トランプ氏は免責が認められたと述べ、バイデン大統領は危険な前例として反発した。

最高裁の判断に対し、保守派とリベラル派の判事の意見が分かれた。

 【ワシントン=池田慶太】米連邦最高裁は1日、共和党のトランプ前大統領が2020年大統領選の結果を覆そうとしたとして起訴された事件について、大統領在任中の公的行為は刑事訴追を免れるとの判断を出し、審理を下級審に差し戻した。

 審理差し戻しで、公判開始は11月の大統領選後にずれ込むことがほぼ確実となった。すべての行為に免責が認められると訴えるトランプ氏の主張が一部認められたもので、トランプ氏は自身のSNSに「我々の憲法と民主主義にとって大きな勝利だ」と投稿した。

 一方、バイデン大統領は1日にホワイトハウスで演説し、「大統領の権限が法律による制約を受けなくなるため、危険な前例だ。米国の法の支配を損なう」と反発した。

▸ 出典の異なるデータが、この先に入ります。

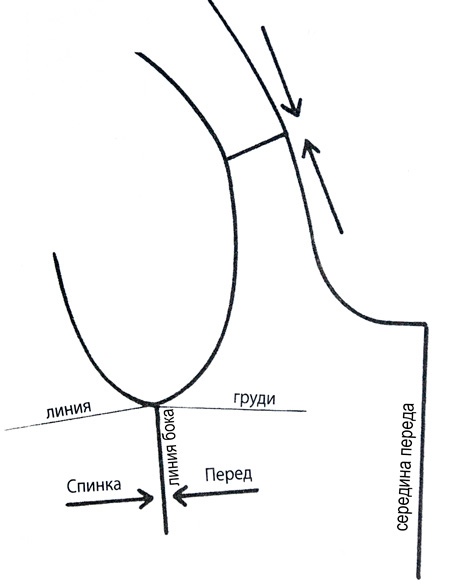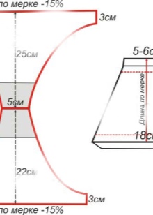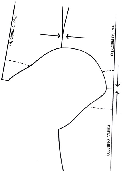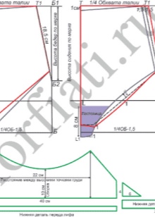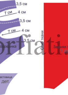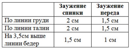 - Narrowing along the back: along the lines of the chest and waist - by 2 cm; along the line, 3.5 cm above the hips line - 1.5 cm.

 対象となったのはトランプ氏が起訴された四つの刑事事件のうちの一つで、21年の米連邦議会占拠事件に絡んで支持者に選挙不正の虚偽の主張をしたことなどが罪状に含まれる。

 最高裁は1日に発表した意見書で、憲法が定めた大統領権限の「中核」となる公的行為には、刑事訴追からの「完全な免責」が与えられると結論づけた。一方で私的行為は免責されないと判断した。その上で、起訴内容がどちらの行為であるかを明確にするため、審理を下級審に差し戻した。

 最高裁の9人の判事のうち、保守派の6人全員が判断を支持し、リベラル派3人が反対した。リベラル派のソニア・ソトマイヨール判事は反対意見で、「大統領は法を超越した王となった」と痛烈に批判した。